## [Problem to work on]
After locating the line with "Add timeless elegance", repeat it and every following line to the end of the listing, exactly. Omit the pictures.

## [Dataset extract]
◇ ◇ ◇ ◇

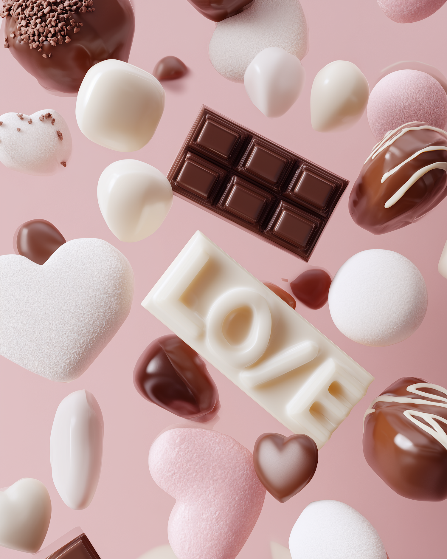 A delightful assortment of chocolates and candies, including heart shapes and a 'LOVE' bar, floating against a soft pink background.
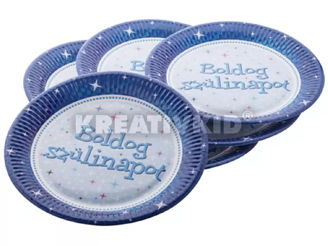 Kék Boldog Születésnapot feliratos tányér - 23 cm, 6 db / csomag
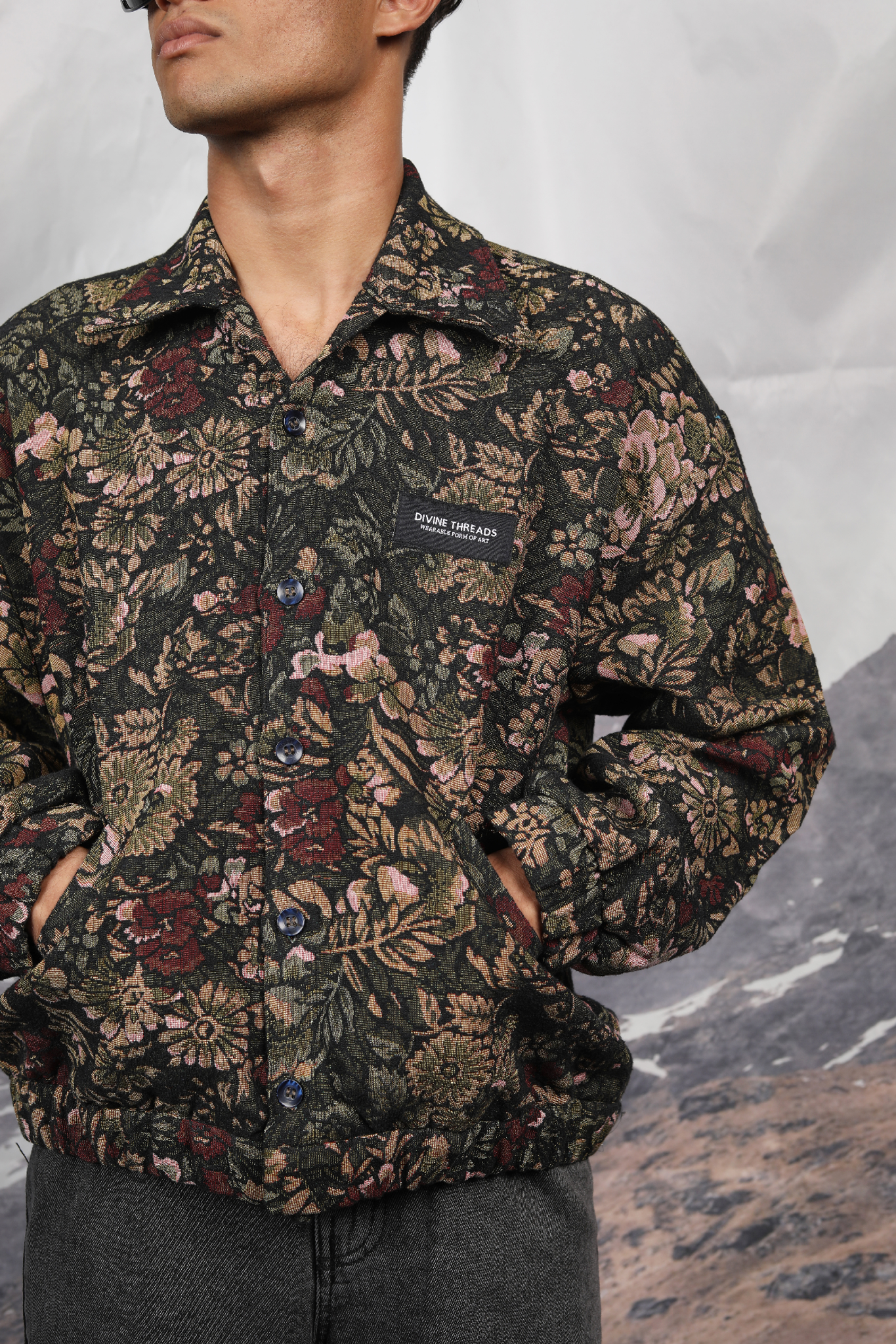 Add timeless elegance to your wardrobe with the Vintage Floral Jacket, a sophisticated twist on the classic bomber silhouette. Crafted from premium jacquard fabric, this jacket showcases an intricate woven floral design, exuding a perfect balance of vintage charm and contemporary edge. Designed for comfort and versatility, its tailored fit and attention to detail make it a standout piece for any season. Whether you’re dressing up or down, this jacket makes a bold yet refined statement, perfect for those who appreciate artistry in every thread.
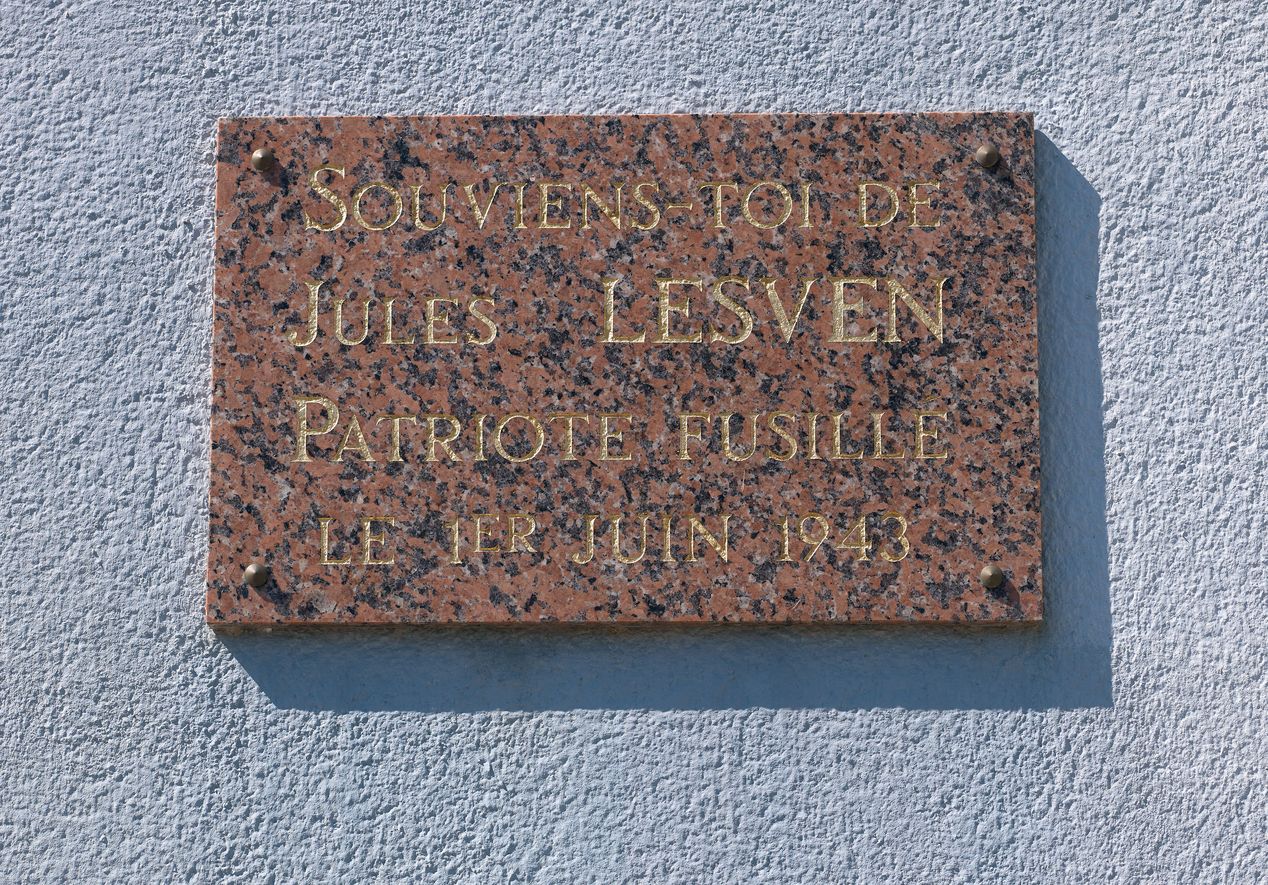 Plaque commémorative. Le lycée a pris le nom du résistant communiste Jules Lesven, responsable interrégional des FTP, fusillé en 1943 (qui donne également son nom à la rue le long de laquelle se situe l'entrée est de la cité scolaire et le lycée Lesven).Immatriculation

◇ ◇ ◇ ◇

## [Your response]
 Add timeless elegance to your wardrobe with the Vintage Floral Jacket, a sophisticated twist on the classic bomber silhouette. Crafted from premium jacquard fabric, this jacket showcases an intricate woven floral design, exuding a perfect balance of vintage charm and contemporary edge. Designed for comfort and versatility, its tailored fit and attention to detail make it a standout piece for any season. Whether you’re dressing up or down, this jacket makes a bold yet refined statement, perfect for those who appreciate artistry in every thread.
 Plaque commémorative. Le lycée a pris le nom du résistant communiste Jules Lesven, responsable interrégional des FTP, fusillé en 1943 (qui donne également son nom à la rue le long de laquelle se situe l'entrée est de la cité scolaire et le lycée Lesven).Immatriculation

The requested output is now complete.